[WHAT YOU WILL DO]
Below are records to be copied exactly; their pictures are to be omitted.

......

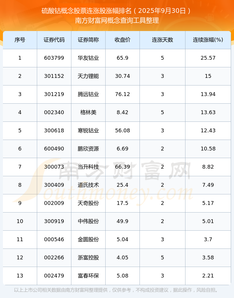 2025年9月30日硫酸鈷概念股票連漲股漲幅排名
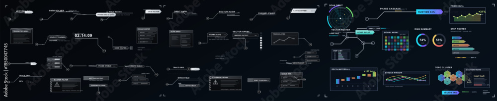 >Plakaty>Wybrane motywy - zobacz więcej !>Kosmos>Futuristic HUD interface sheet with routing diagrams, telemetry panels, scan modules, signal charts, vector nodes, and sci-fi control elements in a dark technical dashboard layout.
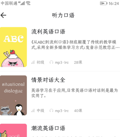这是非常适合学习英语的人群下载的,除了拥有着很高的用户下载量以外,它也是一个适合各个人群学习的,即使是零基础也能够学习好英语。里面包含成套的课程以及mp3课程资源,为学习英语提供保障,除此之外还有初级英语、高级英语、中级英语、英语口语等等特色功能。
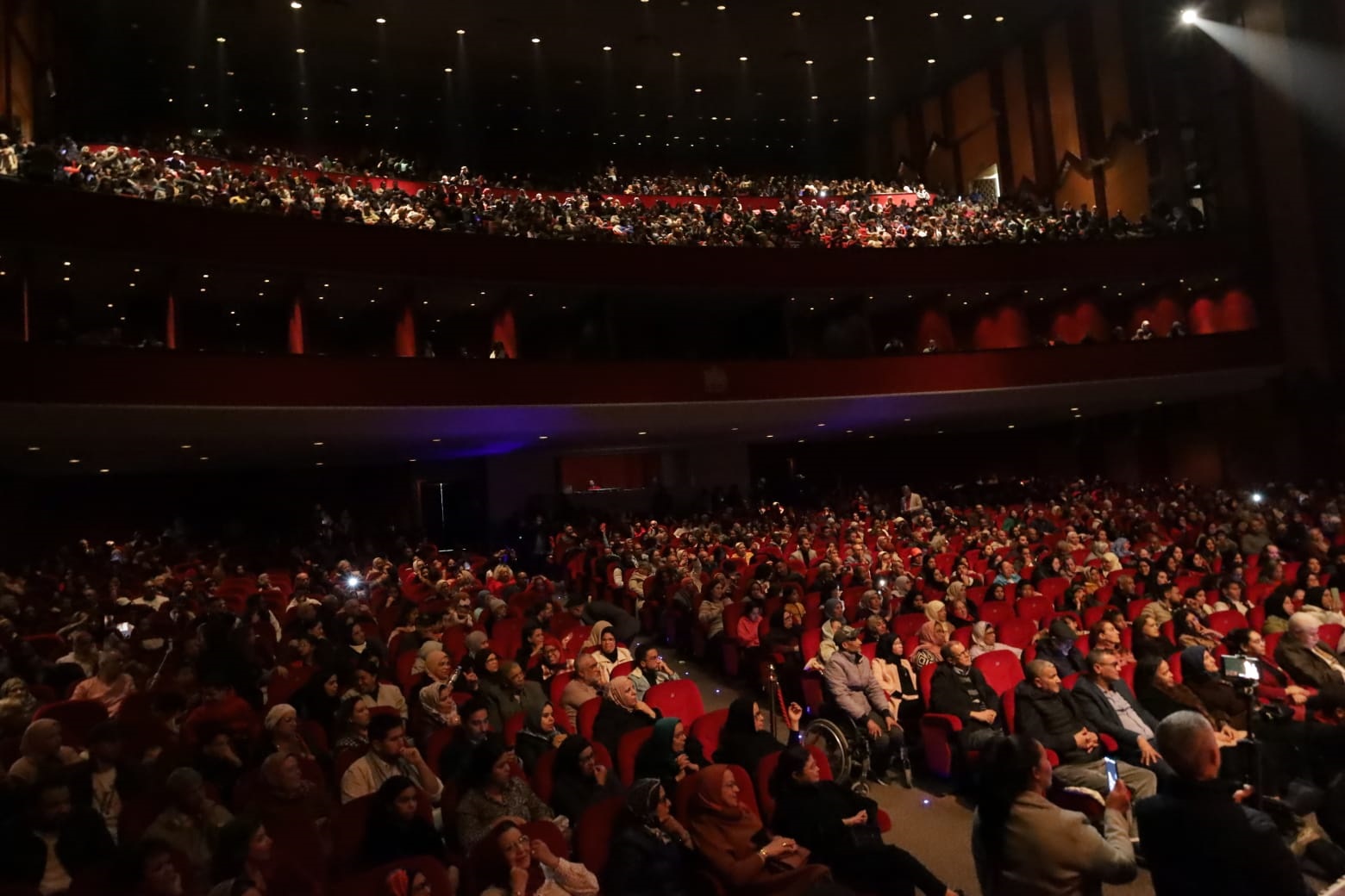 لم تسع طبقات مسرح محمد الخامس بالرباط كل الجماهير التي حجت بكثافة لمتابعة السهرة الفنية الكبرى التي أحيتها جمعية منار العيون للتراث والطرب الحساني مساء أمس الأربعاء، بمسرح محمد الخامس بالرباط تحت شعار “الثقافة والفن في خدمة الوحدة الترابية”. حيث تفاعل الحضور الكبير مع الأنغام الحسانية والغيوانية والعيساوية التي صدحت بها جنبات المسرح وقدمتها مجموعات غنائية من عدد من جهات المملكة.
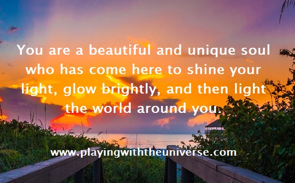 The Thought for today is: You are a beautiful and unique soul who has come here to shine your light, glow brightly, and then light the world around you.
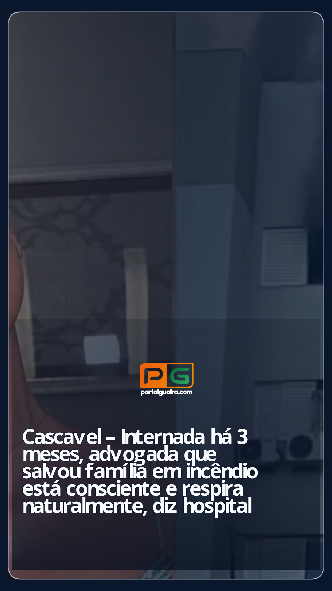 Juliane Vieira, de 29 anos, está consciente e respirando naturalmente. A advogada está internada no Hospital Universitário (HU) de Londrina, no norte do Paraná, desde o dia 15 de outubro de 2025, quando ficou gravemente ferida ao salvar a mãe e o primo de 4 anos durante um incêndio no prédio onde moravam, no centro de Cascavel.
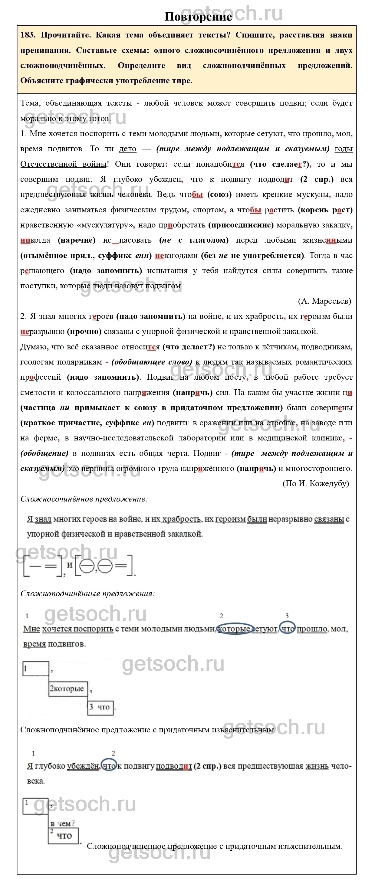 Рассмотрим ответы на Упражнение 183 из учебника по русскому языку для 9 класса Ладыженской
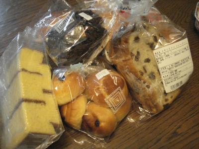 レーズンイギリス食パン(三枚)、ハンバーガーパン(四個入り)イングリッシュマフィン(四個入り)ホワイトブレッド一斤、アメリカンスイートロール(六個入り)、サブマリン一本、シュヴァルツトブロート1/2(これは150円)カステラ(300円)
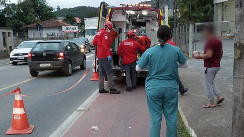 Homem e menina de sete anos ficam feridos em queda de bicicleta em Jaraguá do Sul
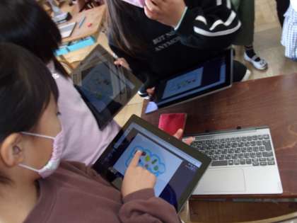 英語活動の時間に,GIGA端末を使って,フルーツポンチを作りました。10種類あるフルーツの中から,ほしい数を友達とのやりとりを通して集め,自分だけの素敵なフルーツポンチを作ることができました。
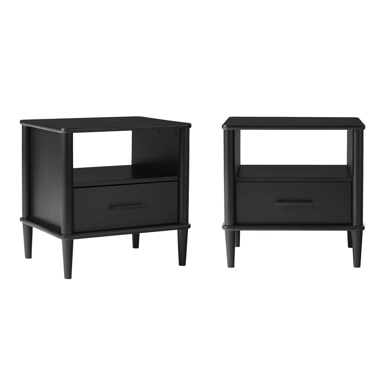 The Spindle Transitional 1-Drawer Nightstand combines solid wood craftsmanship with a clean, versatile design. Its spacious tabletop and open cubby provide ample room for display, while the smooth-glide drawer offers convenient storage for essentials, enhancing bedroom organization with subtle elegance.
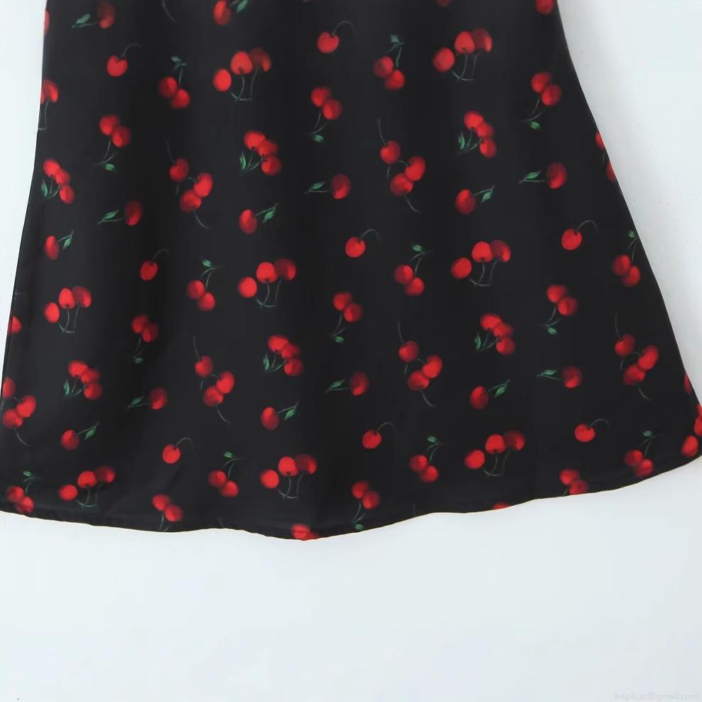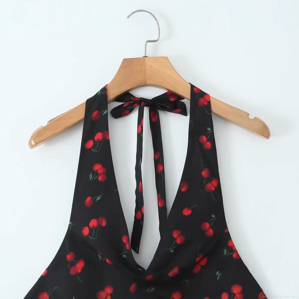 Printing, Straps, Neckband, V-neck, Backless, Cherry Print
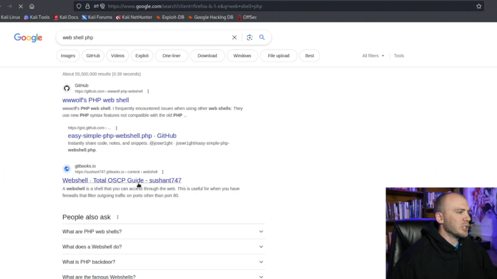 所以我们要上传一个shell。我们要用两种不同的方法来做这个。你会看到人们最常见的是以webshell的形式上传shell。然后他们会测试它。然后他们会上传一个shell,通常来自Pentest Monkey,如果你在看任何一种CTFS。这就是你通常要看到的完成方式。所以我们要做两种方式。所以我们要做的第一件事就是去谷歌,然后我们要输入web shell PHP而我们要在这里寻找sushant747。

......

[TASK ANSWER]
 2025年9月30日硫酸鈷概念股票連漲股漲幅排名
 >Plakaty>Wybrane motywy - zobacz więcej !>Kosmos>Futuristic HUD interface sheet with routing diagrams, telemetry panels, scan modules, signal charts, vector nodes, and sci-fi control elements in a dark technical dashboard layout.
这是非常适合学习英语的人群下载的,除了拥有着很高的用户下载量以外,它也是一个适合各个人群学习的,即使是零基础也能够学习好英语。里面包含成套的课程以及mp3课程资源,为学习英语提供保障,除此之外还有初级英语、高级英语、中级英语、英语口语等等特色功能。
 لم تسع طبقات مسرح محمد الخامس بالرباط كل الجماهير التي حجت بكثافة لمتابعة السهرة الفنية الكبرى التي أحيتها جمعية منار العيون للتراث والطرب الحساني مساء أمس الأربعاء، بمسرح محمد الخامس بالرباط تحت شعار “الثقافة والفن في خدمة الوحدة الترابية”. حيث تفاعل الحضور الكبير مع الأنغام الحسانية والغيوانية والعيساوية التي صدحت بها جنبات المسرح وقدمتها مجموعات غنائية من عدد من جهات المملكة.
 The Thought for today is: You are a beautiful and unique soul who has come here to shine your light, glow brightly, and then light the world around you.
 Juliane Vieira, de 29 anos, está consciente e respirando naturalmente. A advogada está internada no Hospital Universitário (HU) de Londrina, no norte do Paraná, desde o dia 15 de outubro de 2025, quando ficou gravemente ferida ao salvar a mãe e o primo de 4 anos durante um incêndio no prédio onde moravam, no centro de Cascavel.
 Рассмотрим ответы на Упражнение 183 из учебника по русскому языку для 9 класса Ладыженской
 レーズンイギリス食パン(三枚)、ハンバーガーパン(四個入り)イングリッシュマフィン(四個入り)ホワイトブレッド一斤、アメリカンスイートロール(六個入り)、サブマリン一本、シュヴァルツトブロート1/2(これは150円)カステラ(300円)
 Homem e menina de sete anos ficam feridos em queda de bicicleta em Jaraguá do Sul
 英語活動の時間に,GIGA端末を使って,フルーツポンチを作りました。10種類あるフルーツの中から,ほしい数を友達とのやりとりを通して集め,自分だけの素敵なフルーツポンチを作ることができました。
 The Spindle Transitional 1-Drawer Nightstand combines solid wood craftsmanship with a clean, versatile design. Its spacious tabletop and open cubby provide ample room for display, while the smooth-glide drawer offers convenient storage for essentials, enhancing bedroom organization with subtle elegance.
 Printing, Straps, Neckband, V-neck, Backless, Cherry Print
 所以我们要上传一个shell。我们要用两种不同的方法来做这个。你会看到人们最常见的是以webshell的形式上传shell。然后他们会测试它。然后他们会上传一个shell,通常来自Pentest Monkey,如果你在看任何一种CTFS。这就是你通常要看到的完成方式。所以我们要做两种方式。所以我们要做的第一件事就是去谷歌,然后我们要输入web shell PHP而我们要在这里寻找sushant747。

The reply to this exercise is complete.